Forward-Looking Statements
This press release includes statements that may constitute
forward-looking statements made pursuant to the safe harbor provision
of the Private Securities Litigation Reform Act of 1995. This
information may involve risks and uncertainties that could cause
actual results to differ materially from the forward-looking
statements. Although the Company believes that the expectations
reflected in such forward-looking statements are based on reasonable
assumptions, such statements are subject to risks and uncertainties
that could cause actual results to differ materially from those
projected. These forward-looking statements include statements
regarding the proposed transactions. These statements are based on the
current expectations of management of TransMontaigne. There are a
number of risks and uncertainties that could cause actual results to
differ materially from the forward-looking statements included in this
document.

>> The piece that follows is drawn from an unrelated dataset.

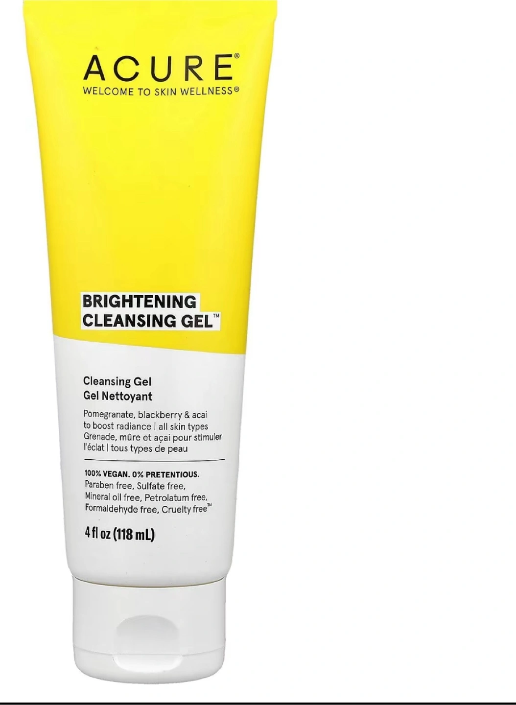 I'm selling a bottle of Acure Brightening Cleansing Gel. It's a 4 fl oz (118 mL) bottle. This cleansing gel contains pomegranate, blackberry, and acai to boost radiance for all skin types. It's also 100% vegan, paraben-free, sulfate-free, mineral oil-free, petrolatum-free, formaldehyde-free, and cruelty-free!

For example, (1) TransMontaigne may be unable to obtain
shareholder approval required for the transaction; (2) conditions to
the closing of the transaction, including regulatory approvals or
waivers, may not be satisfied or the merger agreement may be
terminated prior to closing; (3) the transaction may involve
unexpected costs or unexpected liabilities; (4) the businesses of
TransMontaigne may suffer as a result of uncertainty surrounding the
transaction; and (5) TransMontaigne may be adversely affected by other
economic, business, and/or competitive factors. Additional factors
that may affect the future results of TransMontaigne are set forth in
our Annual Report on Form 10-K for the year ended June 30, 2005, and
Quarterly Report on Form 10-Q for the quarter ended December 31, 2005,
as filed with the SEC, which are available at www.transmontaigne.com.
TransMontaigne undertakes no obligation to publicly update or revise
any forward-looking statements, whether as a result of new
information, future events or otherwise.